Edit: I think Uber means the tax info isn’t meant to send with your return. If the total of credit card transactions for trips by a single driver is at least $20K, they issue a 1099k. Don’t bank on the earnings not being reported.


----------



## ColonyMark (Sep 26, 2019)

Older Chauffeur said:


> Costco (and similar discount stores) sells a CD format of T/T DELUXE Version for $39.95. It contains Schedules C and SE, which is all you need to file for self employment such as driving for ride share. Re the 1099misc, try this: show the info where T/T asks for income reported to you on 1099's. Then show the amount Uber shows as your earnings under "no 1099 received," or "income not reported on a 1099." After deducting Uber's fees/commissions, the amount should match your bank deposits. Deduct your business mileage and any other expenses to arrive at your net profit. If you have to use T/T online, I think the prices are higher, and they don't put the schedules I mentioned on the Deluxe Version, forcing you to upgrade. The CD allows you to prepare up to five returns and includes free e-filing federal returns. You can share with a friend or family member to reduce the cost further.
> Good luck.
> Edit: I think Uber means the tax info isn't meant to send with your return. If the total of credit card transactions for trips by a single driver is at least $20K, they issue a 1099k. Don't bank on the earnings not being reported.


Thanks! Thats great info


----------



## ColonyMark (Sep 26, 2019)

We


Older Chauffeur said:


> Costco (and similar discount stores) sells a CD format of T/T DELUXE Version for $39.95. It contains Schedules C and SE, which is all you need to file for self employment such as driving for ride share. Re the 1099misc, try this: show the info where T/T asks for income reported to you on 1099's. Then show the amount Uber shows as your earnings under "no 1099 received," or "income not reported on a 1099." After deducting Uber's fees/commissions, the amount should match your bank deposits. Deduct your business mileage and any other expenses to arrive at your net profit. If you have to use T/T online, I think the prices are higher, and they don't put the schedules I mentioned on the Deluxe Version, forcing you to upgrade. The CD allows you to prepare up to five returns and includes free e-filing federal returns. You can share with a friend or family member to reduce the cost further.
> Good luck.
> Edit: I think Uber means the tax info isn't meant to send with your return. If the total of credit card transactions for trips by a single driver is at least $20K, they issue a 1099k. Don't bank on the earnings not being reported.
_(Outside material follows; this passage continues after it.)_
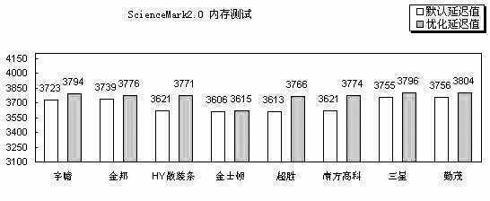 ScienceMark2.0可以针对内存、CPU的L1 Cache、L2 Cache进行带宽测试,并且能测试内存的延迟值,是一款很全面的内存测试软件。从ScienceMark2.0的测试结果来看,无论是默认延迟值还是优化值,勤茂DDR400的表现都最为突出,优化后的成绩超过得分最低的金士顿5%左右,排第二的是三星的DDR400,成绩也相当不错。金邦和宇瞻得分则居中,而且很接近,可以说基本在同一水平线上。金士顿、超胜、南方高科的默认延迟值的表现要稍弱一点,特别是金士顿DDR400,优化前后的性能提升幅度较小。
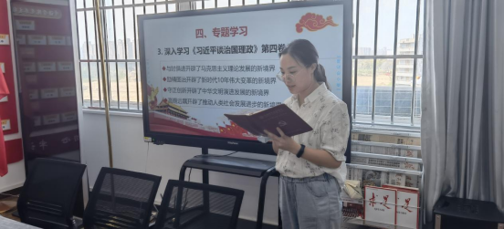 接着,谢冰老师带领大家学习了《习近平谈治国理政》第四卷。大家深入学习理解了习近平新时代中国特色社会主义思想之所以成为当代中国马克思主义、二十一世纪马克思主义,就在于坚持把马克思主义基本原理同中国具体实际相结合、同中华优秀传统文化相结合,深刻回答了中国之问、世界之问、人民之问、时代之问。

well I'm screwed! My wife and I file separately because of her student loan payments. We've always both taken the standard deduction. There's a rule that states if one spouse takes the standard deduction the other spouse must do the same! I can't itemize my deductions! I can't write off my miles! She's already filed hers.
Crap! That means I owe 2K! I would only owe 500 with mileage.


----------



## Older Chauffeur (Oct 16, 2014)

ColonyMark said:


> We
> 
> well I'm screwed! My wife and I file separately because of her student loan payments. We've always both taken the standard deduction. There's a rule that states if one spouse takes the standard deduction the other spouse must do the same! I can't itemize my deductions! I can't write off my miles! She's already filed hers.
> Crap! That means I owe 2K! I would only owe 500 with mileage.


No, you're not screwed! You can still file Schedules C and SE for your business. The standard deduction has nothing to do with your business profit or loss. Answer the step by step questions T/T asks from start to finish.
Once your net profit floats over to your Form 1040 and is added to any regular employment wages, you will take the standard deduction, rather than taking deductions for medical expenses, mortgage interest and taxes on real estate and cars, etc. The standard deduction is not the same as the standard mileage rate for business use of a car.
YOU MUST FILE SCHEDULES C AND SE, IT'S NOT AN OPTION! I'm not shouting, just making an important point to get your attention. :laugh:


----------



## [email protected] (Feb 10, 2020)

I agree with @Older Chauffeur . Your business deductions on Schedule C are not considered "itemized deductions". You fill out Schedule C and you should still be able to take the standard deduction.


----------



## percy_ardmore (Jun 4, 2019)

Totally at a loss as to why a married couple would file separately unless a divorce is imminent. At a loss as to what student loan deduction (max 2500) has to do with that decision. Can't get EIC if filing sep.


----------



## Older Chauffeur (Oct 16, 2014)

percy_ardmore said:


> Totally at a loss as to why a married couple would file separately unless a divorce is imminent. At a loss as to what student loan deduction (max 2500) has to do with that decision. Can't get EIC if filing sep.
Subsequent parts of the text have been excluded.